What are options in reinforcement learning?

What are options in reinforcement learning?

The options framework (Precup, 2000; Sutton, Precup & Singh, 1999) provides a natural way of incorporating extended actions into reinforcement learning systems. An option is specified by a set of states in which the option can be initiated, an internal policy and a termination condition.

What is reinforcement hierarchy?

In operant conditioning, a reinforcement hierarchy is a list of actions, starting with the most desirable and ending with the least desirable. A reinforcement hierarchy can be used to determine the relative frequency and desirability of different actions, and is employed when applying the Premack principle.

Why does hierarchy sometimes work so well in reinforcement learning?

Why Does Hierarchy (Sometimes) Work So Well in Reinforcement Learning? Surprisingly, we find that most of the observed benefits of hierarchy can be attributed to improved exploration, as opposed to easier policy learning or imposed hierarchical structures.

How are hierarchical value functions used in reinforcement learning?

In this work, we propose a framework that integrates deep reinforcement learning with hierarchical value functions (h-DQN), where the agent is motivated to solve intrinsic goals (via learning options) to aid exploration. These goals provide for efficient exploration and help mitigate the sparse feedback problem.

How does hierarchical reinforcement learning integrate temporal abstraction?

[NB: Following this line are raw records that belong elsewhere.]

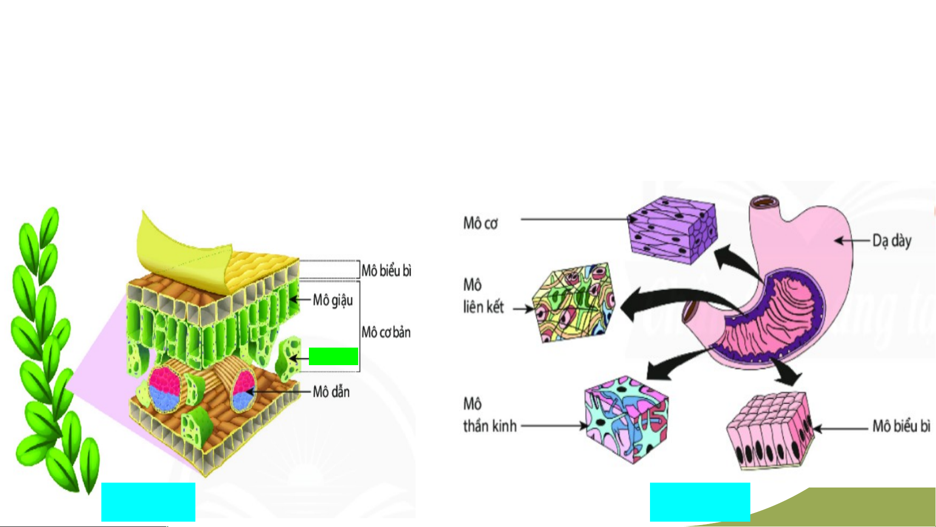 1. Kể tên các mô tương ứng có trong các cơ quan: lá cây, dạ dày.
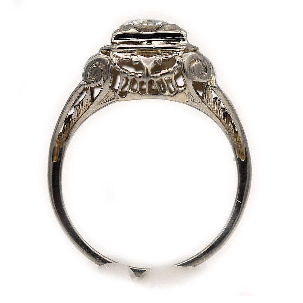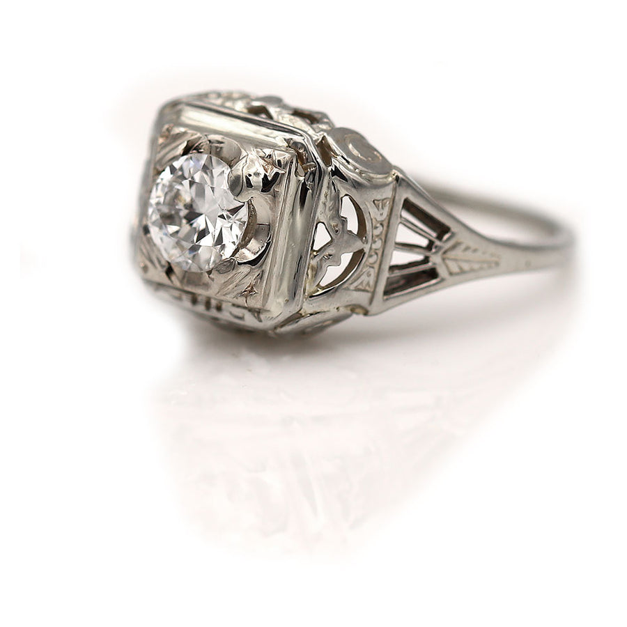The Stephiatta ring is an authentic antique diamond engagement ring circa 1920s. This ring features a .40 carat old European cut diamond with F color and VS2 clarity, residing in a two tiered geometric frame. Beautifully crafted in 18 kt white gold, and accentuated with open metal work and filigree engravings, this is a sweet antique piece, in very good condition.
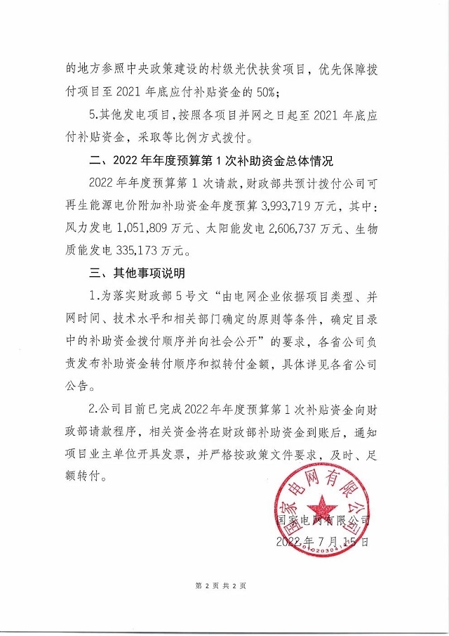 2022年7月15日,國家電網(wǎng)微信平臺發(fā)布“關(guān)于2022年年度預(yù)算第1次可再生能源電價附加補助資金撥付情況的公告”,提到將對納入補貼或清單且滿足結(jié)算條件的各類項目進行及時、足額轉(zhuǎn)付。
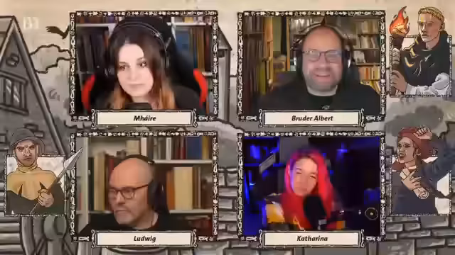 00:14:57Der Stream ist ein historisches Pen & Paper-Spiel mit dem Titel '1525 - Wenn Worte brennen', das den Bauernkrieg behandelt. Die Spielleitung führt durch das Spiel. Anwesend sind die Historiker Stefan (steinwallen) und André (geschichtsfenster), die Fantasy- und Pen-&-Paper-Autorin Lisa (lizagrimm) sowie der Spielleiter Meiri (Meiri Stritter). Es wird darauf hingewiesen, dass die Darstellung von Gewalt teils brutal sein könnte. Ein Q&A mit Historikern und ein Gewinnspiel sind für später angekündigt.
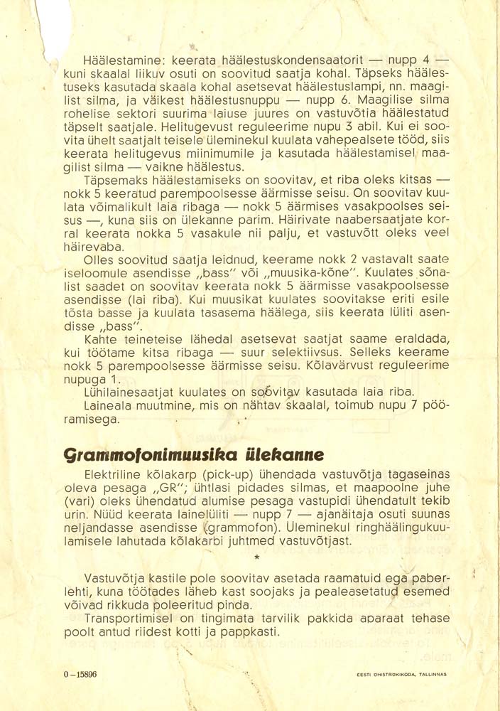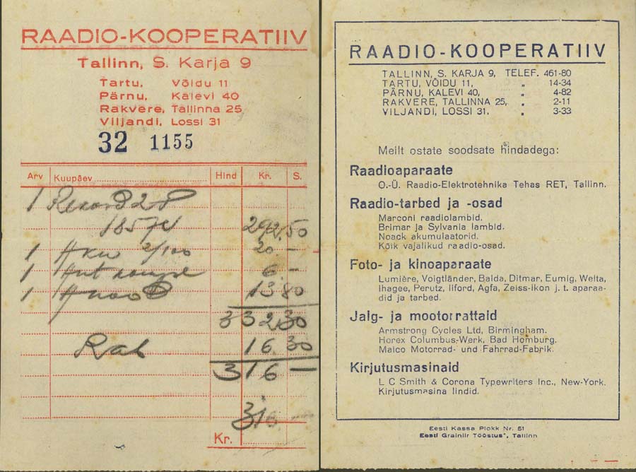 Alumine originaal kataloogifoto Eesti Ringhäälingumuuseumi
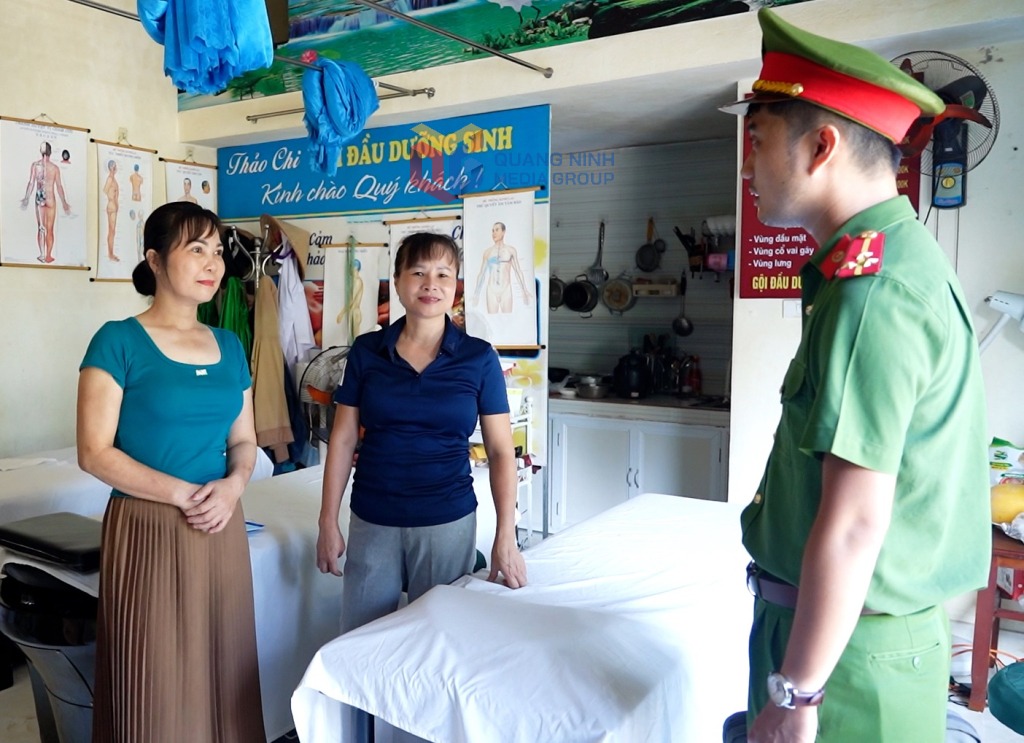 Công an phường Hạ Long tuyên truyền công tác phòng chống cháy nổ cho các hộ kinh doanh tại khu phố 6, phường Hạ Long. Ảnh: Hồng Việt
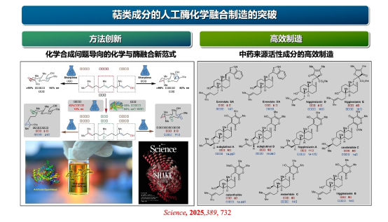 法尼醇是合成萜类天然产物的重要原料,但其分子中部C6–C7双键因位阻大且缺乏活化基团,长期无法实现高精度的选择性环氧化。海军军医大学张卫东、王金鑫团队与上海交通大学李健团队,通过定向进化改造P450BM3,获得可高效选择性催化法尼醇中部烯烃环氧化的人工酶EPO6,实现化学生物协同的多种中药来源萜类功效成分关键氧化反应的精准控制,大幅缩短合成路径,为抗肿瘤活性天然产物的发现和靶标机制研究提供了重要基础。研究成果2025年发表在Science。该进展推动了基于化学生物学的天然产物合成范式的转变,引领进入需求精准设计与优化理想生物催化剂的新阶段。
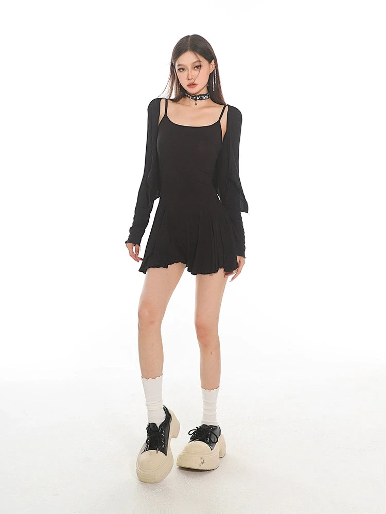 Experience effortless style with our Sleeveless Crop Top and Pleated Shorts with Cardian Tee Three-Piece Set, a sophisticated yet comfortable ensemble perfect for modern wardrobes.
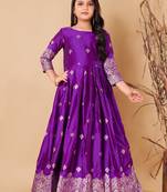 • Product Id : 4358519 • Package Details : 1 Gown • Type : Kids Gowns • Occasion : Party Wear • Work : Woven • Look : Designer • Sleeve : Half Sleeve • Neck Style : Boat Neck • Top Color : Purple • Top Fabric : Jacquard • Stitching : Stitched • Gender : Girl Payments [+]
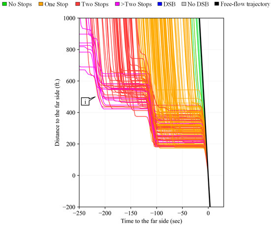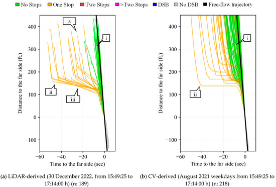 The one-stop trajectories in Figure 7a show a particular shape, where instead of presenting horizontal segments during the time that vehicles are stopped, diagonal segments are shown (callout iii). This occurs because the LiDAR dataset does not include any waypoint of vehicles traveling under 10 mph. Therefore, for each vehicle that stops, there is a data gap between when it slows down and when it speeds up over the 10 mph threshold. Due to this limitation, this study assumes that a vehicle trajectory stops if there is a data gap longer than 5 s between two consecutive waypoints where the necessary speed to travel between them is less than 5 mph.
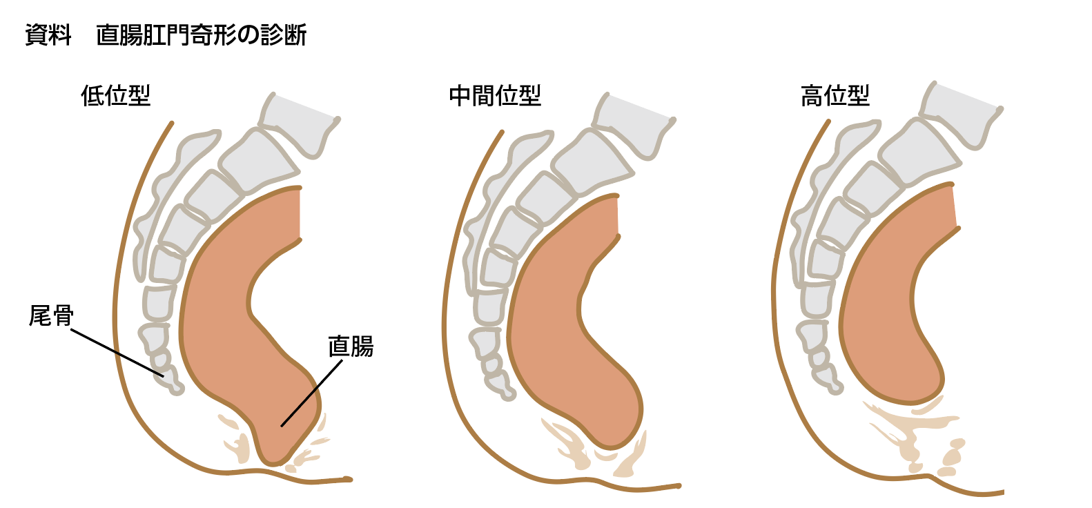 直腸肛門奇形は直腸末端の位置によって、低位型、中間位型、高位型に分けられます(資料)。病型によって治療方法が大きく異なるので、できるだけ速やかに検査・診断する必要があります。
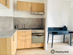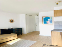 ClickYourFlat est ravi de vous présenter ce studio entièrement meublé situé au 3ème étage d'un immeuble avec ascenseur. La pièce principale est un espace de vie fonctionnel et lumineux, équipé d'un canapé lit double, d'une télévision, d'un coin repas et de rangements. Une cuisine entièrement équipée complète le studio.
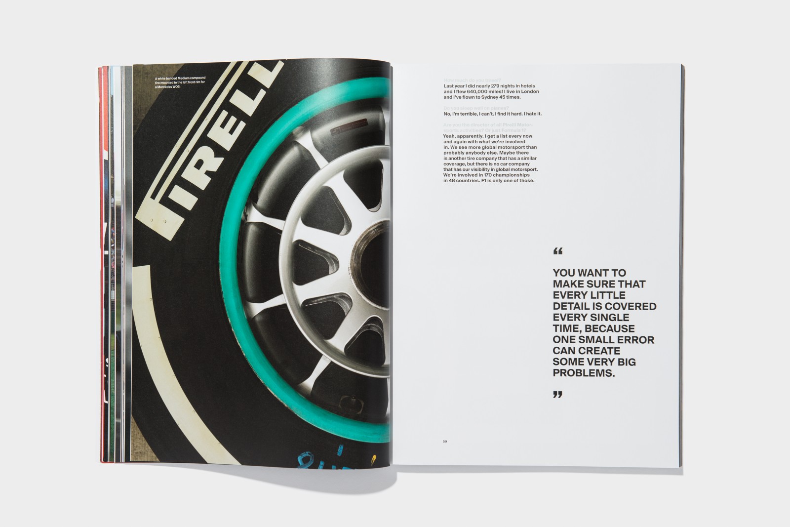Lollipop magazine issue #3, published in 2015, is a 228-page softcover publication, featuring nine races and critical statistics of the 2014 Formula 1 season. It features interviews and portraits of Pirelli director Paul Hembery, next to F1 drivers, Daniel Ricciardo, Dutch pride 17-year old Max Verstappen, Valtteri Bottas, Alexander Rossi and Kevin Magnussen. Finally, the issue also features an one-off fashion shoot, collaborating with Pirelli Motorsports, and legendary photographer, Harri Peccinotti, who shot the risqué Pirelli Calendar in 1969.

We present hierarchical-DQN (h-DQN), a framework to integrate hierarchical value functions, operating at different temporal scales, with intrinsically motivated deep reinforcement learning.

When was the options framework introduced in RL?

The Options Framework, introduced by Sutton, Precup & Singh in 1999, provides a way to implement hierarchies and macro-actions in RL. This is probably one of the most common formulations of HRL.

How does feudal reinforcement learning ( FRL ) work?

Also, the Options Framework does not consider task segmentation explicitly. Feudal Reinforcement Learning (FRL) defines a control hierarchy, in which a level of managers can control sub-managers, while at the same time this level of managers is controlled by super-managers.